There's no prebinding on newer versions of Mac OSX and the dyld shared cache is automatically updated as needed. Tracing Safari disk activity during startup reveals that basically all its dynamic libraries are pulled from the dyld shared cache.
It's possible to add Firefox (.../Firefox.app/Contents/MacOS/firefox-bin) to Applications.paths and the change will persist across reboots. Unfortunately, only a handful of libraries that Firefox uses are pulled into the cache by update_dyld_shared_cache. I'm speculating that this may have something to do with @executable_path/XUL and friends (otool -L .../firefox-bin).
Safari uses absolute paths to frameworks in /System/Library/Frameworks so I speculate that relative paths are what is preventing XUL and others from going into the cache. We may want to investigate /System/Library/Frameworks/Firefox.framework or similar.
It's possible to fix relative library paths in a given library, e.g. fix.sh XUL where fix.sh looks like this
#!/bin/bash function dylibs () { otool -L $1 |grep executable_path|awk '{print $1}'|cut -d"/" -f2 } for i in `dylibs $1` do install_name_tool -change @executable_path/$i `pwd`/$i $1 done install_name_tool -id `pwd`/$1 $1
Firefox has to be recompiled with LDFLAGS=-header-pad_max_install_names in MOZCONFIG to make this happen since new library paths are greater than the space allocated in the Mach-O binary.
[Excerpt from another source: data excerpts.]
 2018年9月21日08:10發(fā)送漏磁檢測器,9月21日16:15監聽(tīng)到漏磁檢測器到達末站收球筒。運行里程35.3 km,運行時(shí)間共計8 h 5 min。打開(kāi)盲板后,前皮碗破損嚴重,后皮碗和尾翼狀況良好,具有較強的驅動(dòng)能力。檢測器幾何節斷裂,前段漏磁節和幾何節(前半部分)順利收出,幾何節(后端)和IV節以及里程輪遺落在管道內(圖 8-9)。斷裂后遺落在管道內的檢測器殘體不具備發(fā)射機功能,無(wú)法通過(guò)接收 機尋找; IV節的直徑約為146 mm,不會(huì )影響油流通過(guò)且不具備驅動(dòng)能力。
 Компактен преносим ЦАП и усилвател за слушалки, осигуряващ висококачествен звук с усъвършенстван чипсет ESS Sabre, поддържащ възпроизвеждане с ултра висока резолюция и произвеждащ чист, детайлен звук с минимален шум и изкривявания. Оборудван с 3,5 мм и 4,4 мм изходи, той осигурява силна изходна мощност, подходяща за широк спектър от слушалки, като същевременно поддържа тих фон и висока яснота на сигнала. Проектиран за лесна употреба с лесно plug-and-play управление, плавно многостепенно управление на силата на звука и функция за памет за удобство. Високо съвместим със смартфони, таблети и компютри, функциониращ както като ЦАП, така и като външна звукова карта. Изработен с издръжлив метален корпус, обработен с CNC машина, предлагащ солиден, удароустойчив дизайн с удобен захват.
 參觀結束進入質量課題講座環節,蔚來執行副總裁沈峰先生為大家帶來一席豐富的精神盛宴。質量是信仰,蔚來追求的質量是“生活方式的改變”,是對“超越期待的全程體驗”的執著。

See the man page for install_name_tool for details.
It's possible to force dynamic libraries into the cache by putting dynamic library paths into shared_region_roots/Applications.paths instead of executables. I wasn't successful in caching XUL, though, regardless of what I did.
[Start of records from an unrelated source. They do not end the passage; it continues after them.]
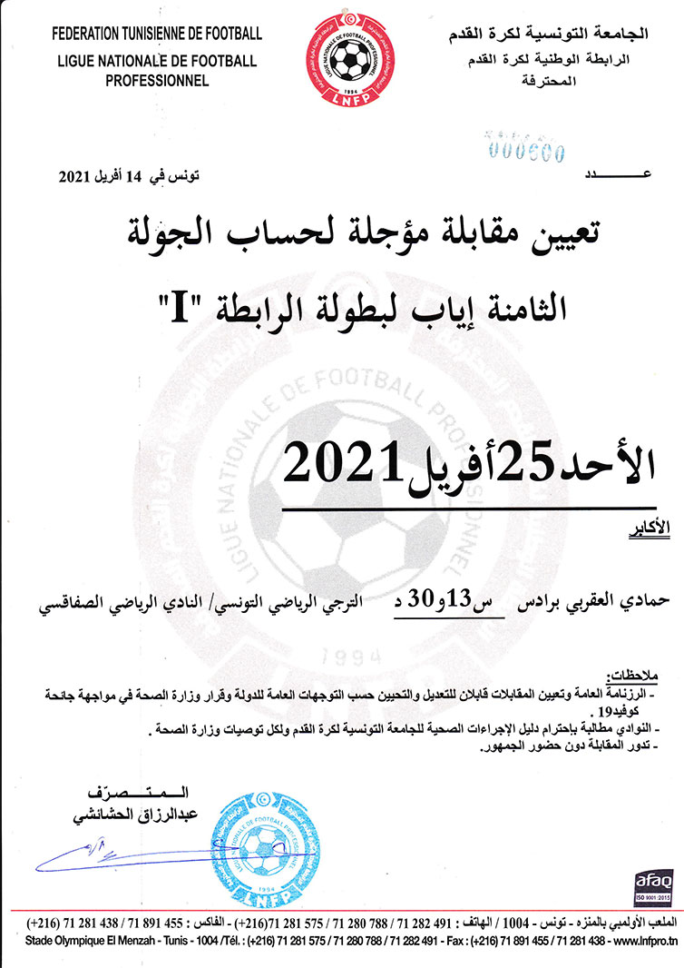 1 تعيين مباراة مؤجلة لحساب الجولة الثامنة إياب لبطولة الرابطة
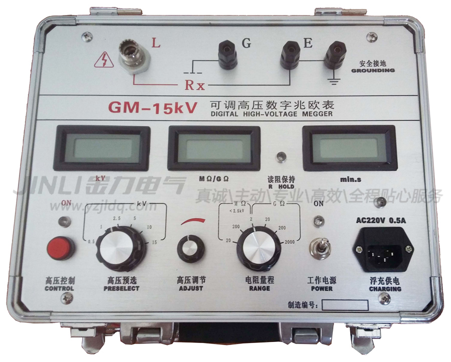 GM-15kV | 0.5、1、2.5、5、10、15kV | ±(5%+10V) | >10mA | 0.01 MΩ~1999GΩ |
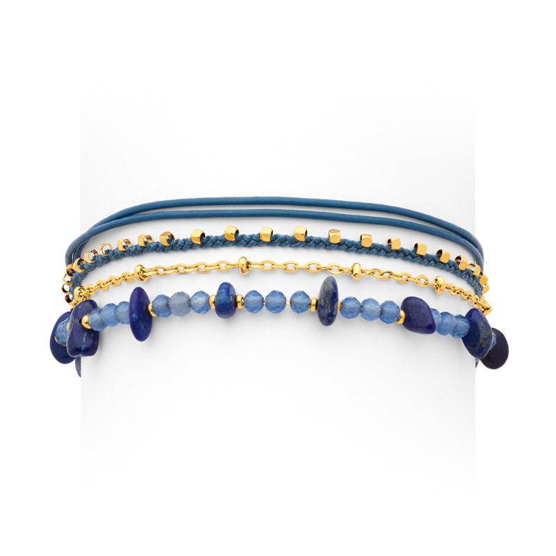 Bracelet acier doré, lapis,agate et croûte de cuir réglable 16 à 19cm
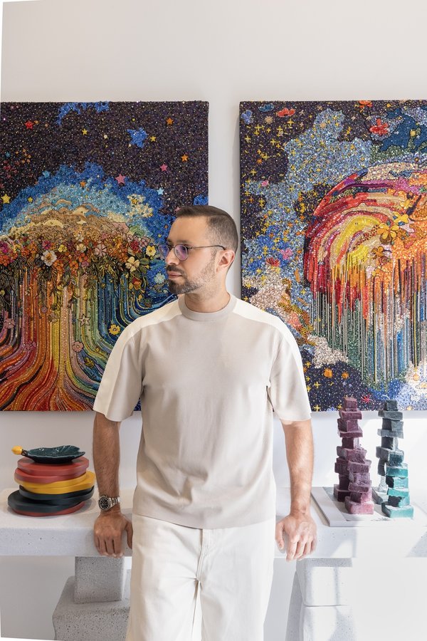 يضم المعرض 22 عملاً فنياً مستوحى من المجرة والفضاء، حيث يمزج الفنان بين الألوان والضوء والملمس باستخدام تقنيات الهوت كوتور، من كريستالات سواروفسكي إلى خيوط رافيا وحبات زجاجية، ليحوّل كل قطعة إلى لوحة حية تنبض بالخيال.
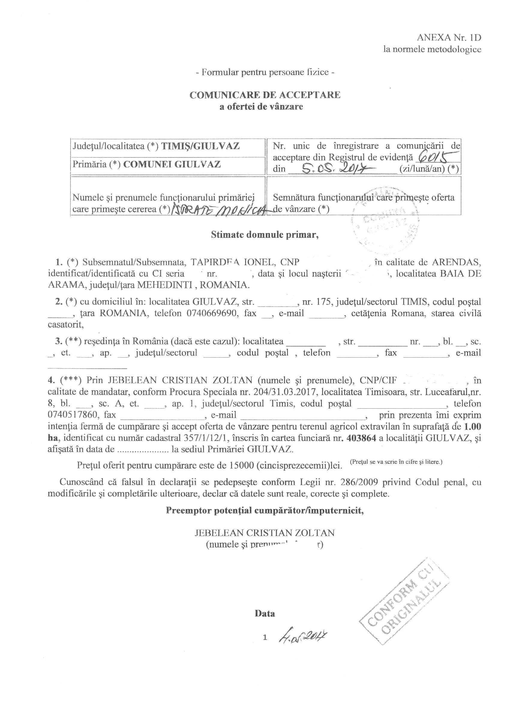 Comunicare de acceptare o ofertei 1,00 ha. CF 403864jpeg.jpeg
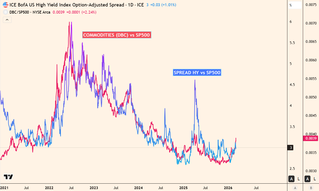 Qui - per esempio - vedi lo spread tra i Bonds High Yield & l'SP500
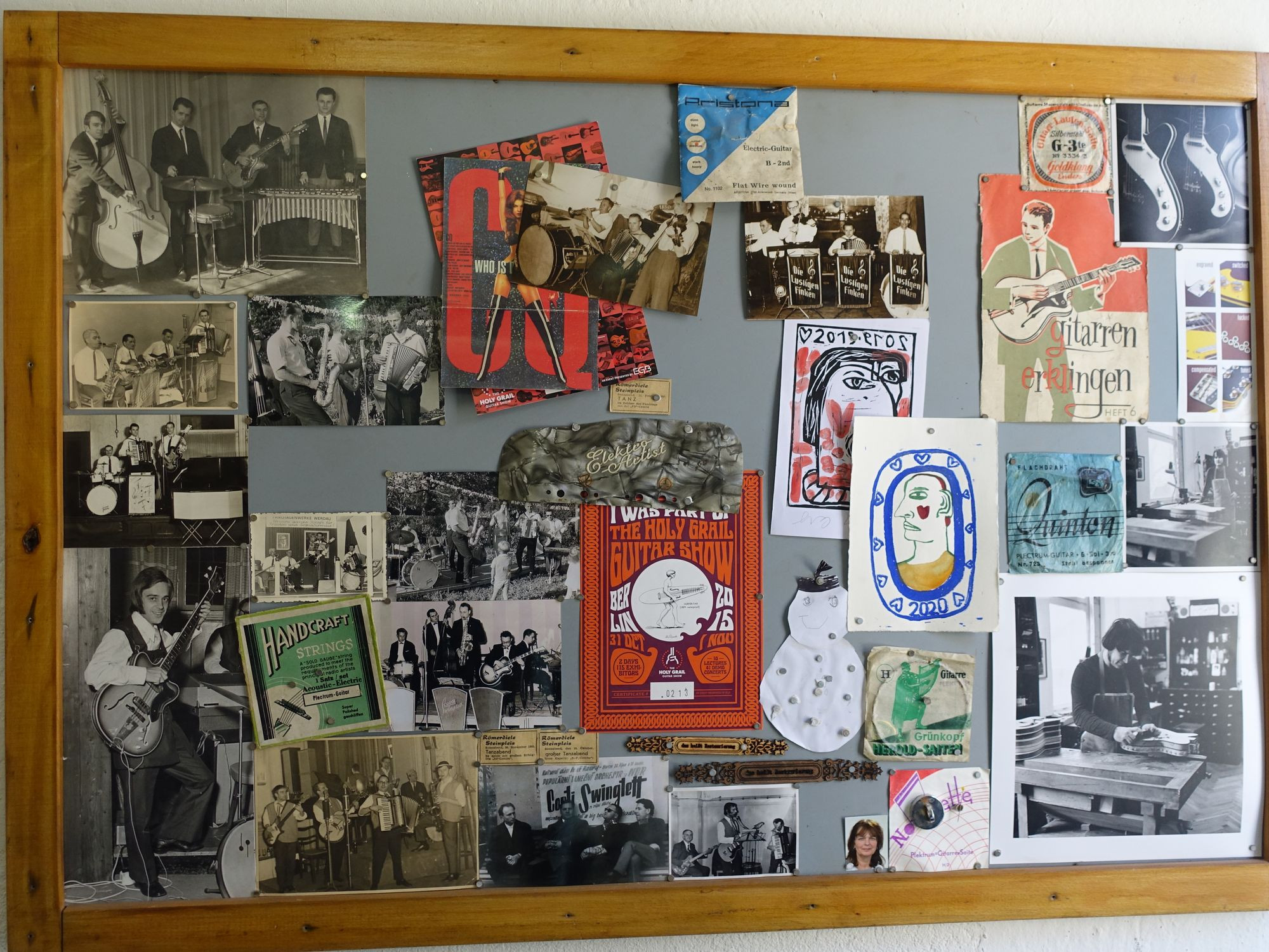 Einen besonderen Bezug hat der Gitarrenbauer zu den Instrumenten mit DDR-Geschichte. Über dem Sofa hängen alte Fotos von Ost-Bands. Zu jeder Gitarre, die da zu sehen ist, kann er Geschichten erzählen. Eines der Exemplare hängt auch in dem Wandschrank. Er sei immer froh, wenn sich jemand mit einem alten Instrument meldet. Viel zu viel lande auf dem Wertstoffhof, sagt der Gitarrenbauer mit dem restauratorischen Blick und dem umfangreichen Expertenwissen zum DDR-Gitarrenbau.

In the end it doesn't seem to matter since there's a baffling lack of difference between Firefox and Safari cold stats, despite Safari pulling everything from the cache and Firefox using a large number of non-cached dylibs.
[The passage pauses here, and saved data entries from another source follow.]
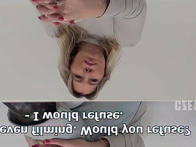 Breasty Czech housewife, Karolina is sucking weenie and getting banged during a porn clip casting
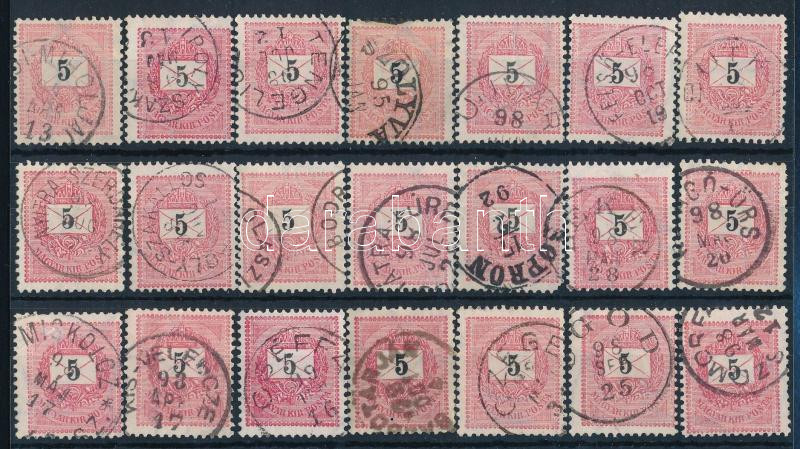 1889 21 db feketeszámú 5kr bélyeg háttérvonalkázás nélküli papíron, szép egykörös bélyegzésekkel
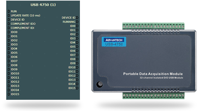 Ce nœud fournit la connectivité avec les cartes Advantech USB 4750 DAQ. Il est couramment utilisé pour le câblage PLC ou tout autre matériel nécessitant des E/S numériques opto‑isolées.
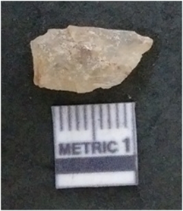 | Description / विवरण | The chalcedony flake is pale in colour and translucent in appearance. The piece has s harp flaked ends and a bulbous end due to flaking. The flake has a crypto-crystalline silica matrix. |
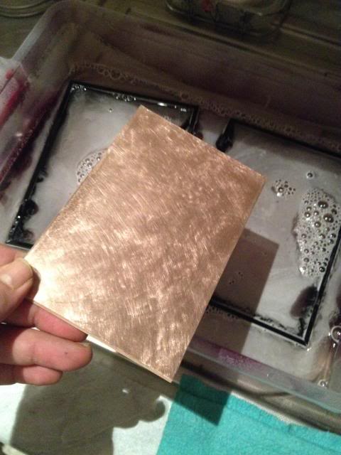 Daha önce asetatı "ters" çevirip bakır plakete mürekkepli kısım değil de, arkasını temas ettirerek pozlama denemelerim olmuştu. Sonuçta evet mürekkep bakırlı plakaya temas etmediği için çizilme/yapışma sorunu ortadan kalkmıştı ancak bu sefer de "bulanık görüntü" problemi yaşamıştım. Sebebi, siyah izler ile positiv 20 kaplı yüzey arasında yaklaşık 0.5 mm uzaklık olmasından dolayı "focus" kayıyordu.
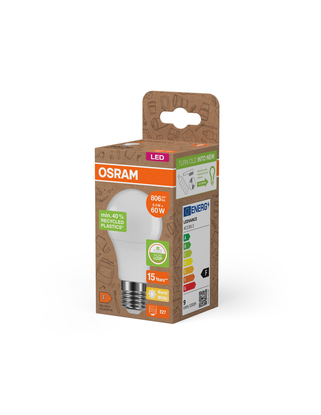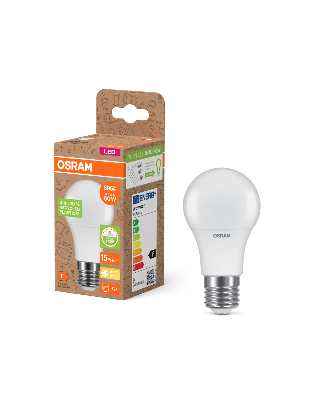 Cechy produktu: LED zamienniki tradycyjnych żarówek. Lampy niezawierające rtęci. Wykorzystano co najmniej 40% plastiku pochodzącego z recyklingu (w stosunku do całkowitej masy plastiku).. Zalety produktu: Niższe zużycie energii w porównaniu do lamp żarowych lub halogenowych. Prosty w użyciu zamiennik żarówek klasycznych dzięki kompaktowej konstrukcji. Natychmiast 100 % światła, bez czasu nagrzewania. Wykonana z tworzyw sztucznych pochodzących z recyklingu lampa przyczynia się do ograniczenia emisji CO2 i ilości odpadów składowanych na wysypiskach. Obszary zastosowań: Zastosowania domowe. Oświetlenie ogólne. Do użytku na zewnątrz tylko w odpowiednich oprawach zewnętrznych. Porady dotyczące bezpieczeństwa: Nie dotykaj lampy, jeśli jest stłuczona.. Nie wolno używać, jeśli zewnętrzne źródło światła jest uszkodzone..
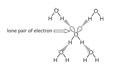 The above figure shows Hydrogen bonding in water (here the solid line denotes the covalent bond and dashes line denote hydrogen bonds)
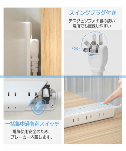 【使用者の便利に配慮】:この延長コードは日本のために研究し、設計されています。180°スイングプラグを採用して、狭い場所でも配線しやすい。使い勝手のいい3mケーブルを採用し、コンセントから少し離れた場所でも利用できます。家庭、オフィス、会議室、パーティーなどにも大活用できます。
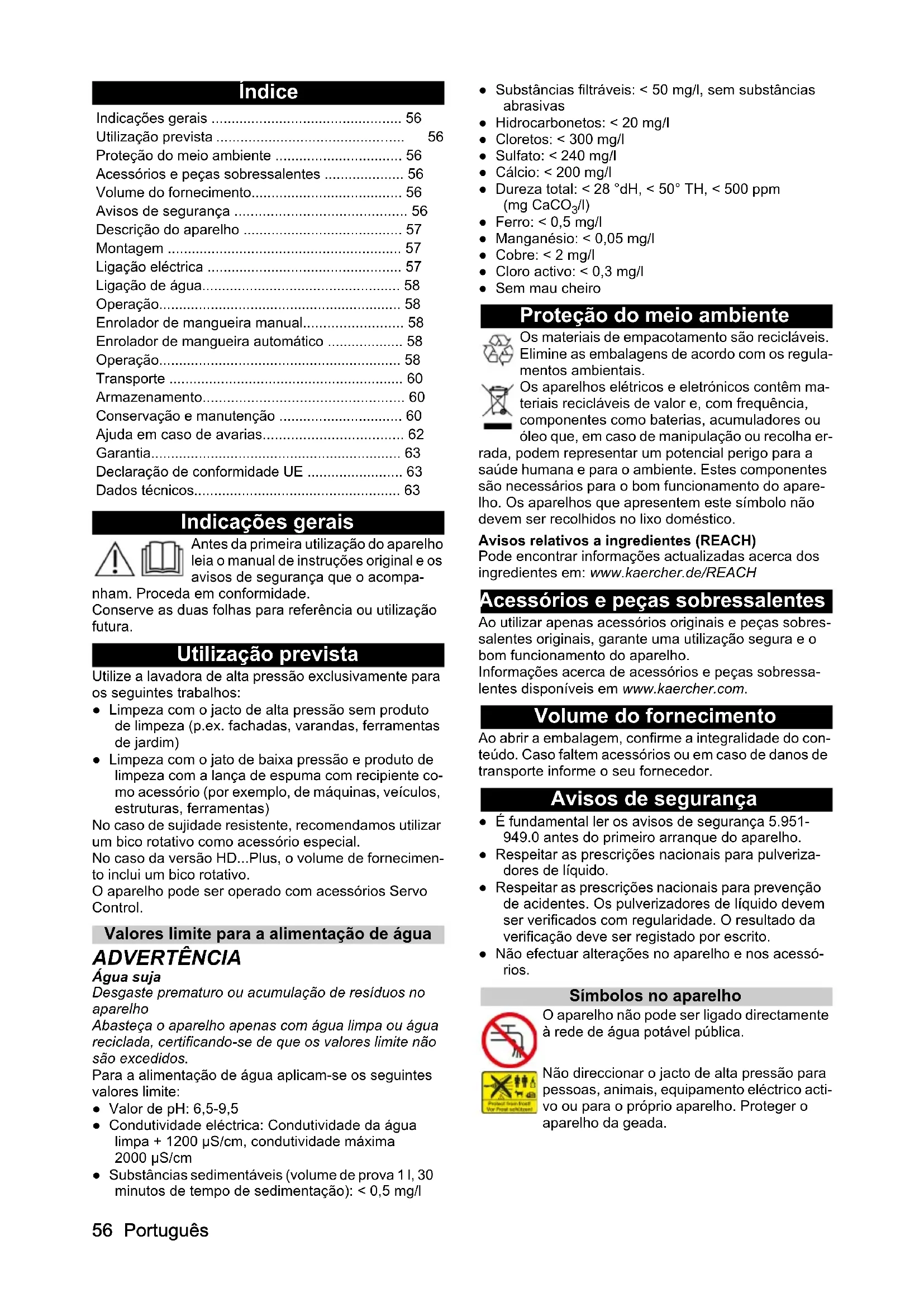 /l) ● Ferro: < 0,5 mg/l ● Manganésio: < 0,05 mg/l ● Cobre: < 2 mg/l ● Cloro activo: < 0,3 mg/l ● Sem mau cheiro Proteção do meio ambiente Os materiais de empacotamento são recicláveis. Elimine as embalagens de acordo com os regula- mentos ambientais. Os aparelhos elétricos e eletrónicos contêm ma- teriais recicláveis de valor e, com frequência, componentes como baterias, acumuladores ou óleo que, em caso de manipulação ou recolha er- rada, podem representar um potencial perigo para a saúde humana e para o ambiente. Estes componentes são necessários para o bom funcionamento do apare- lho. Os aparelhos que apresentem este símbolo não devem ser recolhidos no lixo doméstico. Avisos relativos a ingredientes (REACH) Pode encontrar informações actualizadas acerca dos ingredientes em: www.kaercher.de/REACH Acessórios e peças sobressalentes Ao utilizar apenas acessórios originais e peças sobres- salentes originais, garante uma utilização segura e o bom funcionamento do aparelho. Informações acerca de acessórios e peças sobressa- lentes disponíveis em www.kaercher.com. Volume do fornecimento Ao abrir a embalagem, confirme a integralidade do con- teúdo. Caso faltem acessórios ou em caso de danos de transporte informe o seu fornecedor. Avisos de segurança ● É fundamental ler os avisos de segurança 5.951-

Here's the cold startup stats for Safari
sync && purge && DYLD_PRINT_STATISTICS=1 /Applications/Safari.app/Contents/MacOS/Safari total time: 696.9 milliseconds (100.0%) total images loaded: 116 (114 from dyld shared cache, 114 needed no fixups) total segments mapped: 5, into 30 pages with 10 pages pre-fetched total images loading time: 204.9 milliseconds (29.4%) total rebase fixups: 1,298 total rebase fixups time: 0.1 milliseconds (0.0%) total binding fixups: 2,476 total binding symbol lookups: 234, average images searched per symbol: 1.6 total binding fixups time: 80.5 milliseconds (11.5%) total bindings lazily fixed up: 3 of 901 total init time time: 411.3 milliseconds (59.0%) total images with weak exports: 1
and Firefox
total time: 731.2 milliseconds (100.0%) total images loaded: 106 (93 from dyld shared cache, 56 needed no fixups) total segments mapped: 49, into 5903 pages with 684 pages pre-fetched total images loading time: 235.3 milliseconds (32.1%) total rebase fixups: 149,011 total rebase fixups time: 3.7 milliseconds (0.5%) total binding fixups: 24,932 total binding symbol lookups: 797, average images searched per symbol: 2.3 total binding fixups time: 149.9 milliseconds (20.5%) total bindings lazily fixed up: 45 of 19,109 total init time time: 342.2 milliseconds (46.8%) total images with weak exports: 3
Notice a large and significant difference? Me neither.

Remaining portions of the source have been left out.